August at the movies

August at the movies

Joyce Glasser gives us a round up of the August movies

If Ruth & Alex, which was released at the end of July, makes it into August, it will mark the first time in film history when two English speaking films about a couple who have been married for 45 years, do not have children and do not die of cancer, Alzheimer’s or heart failure, can be seen in the same month.

Too often in films, older actors are present only to die of an age-related affliction, or by dint of their children, the real stars of the film.

In both Ruth & Alex (now playing) and 45 Years (28 August) the husband is played by a 78-year-old actor and the wife by a 69-year-old actress, eschewing the typical sexist winter/summer relationship.

While these two low-budget films are a positive development, in both cases it is the star power rather than the film as a whole that audiences will remember.

American Director Richard Loncraine’s (My House in Umbria, Wimbledon) Ruth & Alex is based on Jill Cement’s book Heroic Measures. Ruth (Diane Keaton) and Alex Carver (Morgan Freeman), a former teacher and a portrait artist respectively, are a childless, mixed race couple coming to terms with leaving the roomy Brooklyn apartment with a view of the Williamsburg Bridge that has been home for 45 years.

With both Alex and their dog Dorothy, struggling up the stairs to their apartment, Ruth’s niece Lilly, (Cynthia Nixon) a gung-ho real-estate agent, has persuaded them to move.

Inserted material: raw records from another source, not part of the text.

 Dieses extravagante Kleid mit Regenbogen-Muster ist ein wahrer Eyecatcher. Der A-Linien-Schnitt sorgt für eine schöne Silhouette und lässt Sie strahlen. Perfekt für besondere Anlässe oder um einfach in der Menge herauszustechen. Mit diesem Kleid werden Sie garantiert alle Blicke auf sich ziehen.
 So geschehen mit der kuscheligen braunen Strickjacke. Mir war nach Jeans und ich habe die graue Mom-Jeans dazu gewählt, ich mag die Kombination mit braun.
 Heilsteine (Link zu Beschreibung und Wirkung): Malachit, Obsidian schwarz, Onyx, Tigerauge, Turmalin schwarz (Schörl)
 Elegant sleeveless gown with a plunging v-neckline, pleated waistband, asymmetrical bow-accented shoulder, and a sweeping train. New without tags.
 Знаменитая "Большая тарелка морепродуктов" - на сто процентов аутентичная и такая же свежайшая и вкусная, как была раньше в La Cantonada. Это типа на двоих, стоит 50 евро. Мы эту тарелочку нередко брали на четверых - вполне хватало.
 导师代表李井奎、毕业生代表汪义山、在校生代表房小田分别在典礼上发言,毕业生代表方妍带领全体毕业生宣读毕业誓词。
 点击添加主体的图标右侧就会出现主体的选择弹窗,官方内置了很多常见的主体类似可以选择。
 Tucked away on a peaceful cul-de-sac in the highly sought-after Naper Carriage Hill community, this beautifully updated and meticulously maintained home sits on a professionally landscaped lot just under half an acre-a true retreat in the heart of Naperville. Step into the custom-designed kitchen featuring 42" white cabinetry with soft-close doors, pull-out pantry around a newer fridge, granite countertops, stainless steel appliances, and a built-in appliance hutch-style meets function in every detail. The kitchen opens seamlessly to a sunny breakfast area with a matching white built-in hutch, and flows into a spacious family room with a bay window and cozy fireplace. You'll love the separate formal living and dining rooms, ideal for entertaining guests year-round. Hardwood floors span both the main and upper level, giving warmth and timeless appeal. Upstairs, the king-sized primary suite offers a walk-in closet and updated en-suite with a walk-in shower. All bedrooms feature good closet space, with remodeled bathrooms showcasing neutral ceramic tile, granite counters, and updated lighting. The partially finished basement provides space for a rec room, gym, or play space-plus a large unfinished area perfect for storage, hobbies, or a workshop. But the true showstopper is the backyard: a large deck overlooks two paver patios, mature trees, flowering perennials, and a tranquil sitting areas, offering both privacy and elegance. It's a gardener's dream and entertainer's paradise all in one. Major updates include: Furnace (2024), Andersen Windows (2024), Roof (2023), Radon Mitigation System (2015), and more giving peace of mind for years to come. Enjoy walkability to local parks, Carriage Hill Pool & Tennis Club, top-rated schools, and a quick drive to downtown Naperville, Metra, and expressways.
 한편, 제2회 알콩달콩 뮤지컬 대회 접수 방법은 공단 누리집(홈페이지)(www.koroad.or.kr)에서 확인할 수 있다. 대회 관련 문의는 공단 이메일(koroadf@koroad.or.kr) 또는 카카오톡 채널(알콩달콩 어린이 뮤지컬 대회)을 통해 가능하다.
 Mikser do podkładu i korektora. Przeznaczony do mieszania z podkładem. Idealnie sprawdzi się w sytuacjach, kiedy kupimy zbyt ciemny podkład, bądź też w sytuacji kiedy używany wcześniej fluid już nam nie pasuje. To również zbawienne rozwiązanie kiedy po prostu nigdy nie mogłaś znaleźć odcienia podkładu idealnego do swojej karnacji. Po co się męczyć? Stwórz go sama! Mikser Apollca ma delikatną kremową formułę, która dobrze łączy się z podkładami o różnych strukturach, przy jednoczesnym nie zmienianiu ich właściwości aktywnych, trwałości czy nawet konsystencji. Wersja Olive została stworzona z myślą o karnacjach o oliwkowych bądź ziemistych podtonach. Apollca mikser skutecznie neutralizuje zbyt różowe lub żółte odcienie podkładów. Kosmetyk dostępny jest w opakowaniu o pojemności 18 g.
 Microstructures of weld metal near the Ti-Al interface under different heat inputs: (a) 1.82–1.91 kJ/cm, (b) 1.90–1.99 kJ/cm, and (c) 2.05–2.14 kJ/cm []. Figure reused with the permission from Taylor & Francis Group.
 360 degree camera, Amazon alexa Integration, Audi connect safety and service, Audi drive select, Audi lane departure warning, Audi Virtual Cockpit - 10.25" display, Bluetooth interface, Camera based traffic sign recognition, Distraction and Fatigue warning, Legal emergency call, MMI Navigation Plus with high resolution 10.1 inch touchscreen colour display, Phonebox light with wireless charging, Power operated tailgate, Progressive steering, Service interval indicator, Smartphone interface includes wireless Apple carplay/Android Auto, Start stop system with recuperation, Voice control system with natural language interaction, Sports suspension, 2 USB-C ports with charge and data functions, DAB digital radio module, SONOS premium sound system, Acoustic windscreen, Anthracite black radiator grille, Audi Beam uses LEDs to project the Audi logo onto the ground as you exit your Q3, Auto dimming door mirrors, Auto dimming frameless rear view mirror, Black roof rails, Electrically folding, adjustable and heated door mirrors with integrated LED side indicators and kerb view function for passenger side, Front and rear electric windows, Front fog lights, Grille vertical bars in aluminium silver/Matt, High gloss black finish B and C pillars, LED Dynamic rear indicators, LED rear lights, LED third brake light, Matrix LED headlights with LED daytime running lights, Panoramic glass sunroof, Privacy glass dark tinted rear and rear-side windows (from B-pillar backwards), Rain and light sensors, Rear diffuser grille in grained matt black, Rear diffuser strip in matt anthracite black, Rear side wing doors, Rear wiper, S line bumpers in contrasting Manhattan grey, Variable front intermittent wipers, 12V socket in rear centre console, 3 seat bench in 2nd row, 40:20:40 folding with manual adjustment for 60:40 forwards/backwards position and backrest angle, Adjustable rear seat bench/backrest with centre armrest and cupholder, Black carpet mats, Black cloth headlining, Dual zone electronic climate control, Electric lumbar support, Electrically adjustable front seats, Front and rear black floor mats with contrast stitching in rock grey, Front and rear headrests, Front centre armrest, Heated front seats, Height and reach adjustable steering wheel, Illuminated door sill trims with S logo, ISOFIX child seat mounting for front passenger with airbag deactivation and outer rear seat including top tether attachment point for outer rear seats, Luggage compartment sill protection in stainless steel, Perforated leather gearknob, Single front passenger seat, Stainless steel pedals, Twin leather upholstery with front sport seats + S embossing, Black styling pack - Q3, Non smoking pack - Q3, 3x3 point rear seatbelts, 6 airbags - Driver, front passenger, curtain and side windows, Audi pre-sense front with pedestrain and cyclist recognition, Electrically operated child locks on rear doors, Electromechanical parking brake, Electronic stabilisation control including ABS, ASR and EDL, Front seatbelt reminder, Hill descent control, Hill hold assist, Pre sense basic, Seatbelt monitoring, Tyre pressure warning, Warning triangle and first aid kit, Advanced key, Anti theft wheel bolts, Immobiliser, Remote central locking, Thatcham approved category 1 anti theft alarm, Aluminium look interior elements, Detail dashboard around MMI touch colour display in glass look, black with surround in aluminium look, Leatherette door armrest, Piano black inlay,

The open house and the sale are overshadowed by a suspected terrorist on the loose and a truck that may contain a bomb blocking traffic on the bridge. Tensions disrupt the calm routine of the Carvers’ life. Will Dorothy survive a sudden illness and operation? Will the unsettling bidding war Lilly has instigated deliver the price they need to purchase another apartment in Manhattan?

As weird strangers wander through their home, it sparks memories for Alex that are transformed into flashbacks telling us about the couple’s past.

We see how the young couple endured prejudice from their own families and disappointment when Ruth discovered she could not conceive. These hardships seem to have driven the couple closer, but have also made them rather insular and a tad smug.

Our sympathy for Ruth and Alex is eroded by their rude treatment of Lilly at the end. If scriptwriter Charlie Peters or Loncraine see Lilly as the villain, we see her as a hard working woman trying to make a living.

Keaton and Freeman might be an unlikely pairing, but their charm, warmth, understated acting, surprising chemistry, natural dialogue and the well-lived in apartment, make you believe in their marriage in a way you do not with 45 Years. A bit more focus on the race issues and why they did not adopt would not have been amiss, as the flashbacks touching on these issues help us make sense of the older couple’s feelings and lifestyle.

English co-Writer/Director Andrew Haigh pairs 69-year-old Charlotte Rampling with 78-year-old Tom Courtenay as a financially comfortable, childless, retired couple in 45 Years. As Kate Mercer (Rampling) makes the preparations for the couple’s 45th anniversary, her husband Geoff receives news that the body of his German girlfriend, Katya, has been found preserved in the ice at the site of the hiking accident where she disappeared. If Geoff is unsettled by the news to the point of acting strangely, Kate (notice the similarity in the women’s names) becomes obsessed by doubt and jealousy. When, Kate uncovers a photo of a pregnant-looking Katya, Kate begins to question the very meaning of her life.

One can only admire the controlled, understated performances from Rampling (who won the Best Actress Award at the Berlin Film Festival) and Courtenay: both, subtly revealing their vulnerability and confusion in different ways. But the film feels disingenuous – contrived to get us to the film’s emotionally-gutting climax as the camera focuses on Kate’s expressive face at the anniversary party.

Perhaps the decision to focus solely on Kate’s point of view means that we do not know enough about these characters to believe Kate’s emotional trauma. If she was happy with Geoff for 45 years, how can this buried past change that?

Unlike the lived-in flat that almost tells its own story in Michael Haneke’s Amour, or in Ruth & Alex, what we see of the Mercers’ home feels like a film set. Nor do we believe they have grown old together as we do in Ruth & Alex. As dull as the Mercer’s retirement seems, so their drab, functional conversations sound like those of a writer trying too hard to portray a close-knit couple with ordinary lives.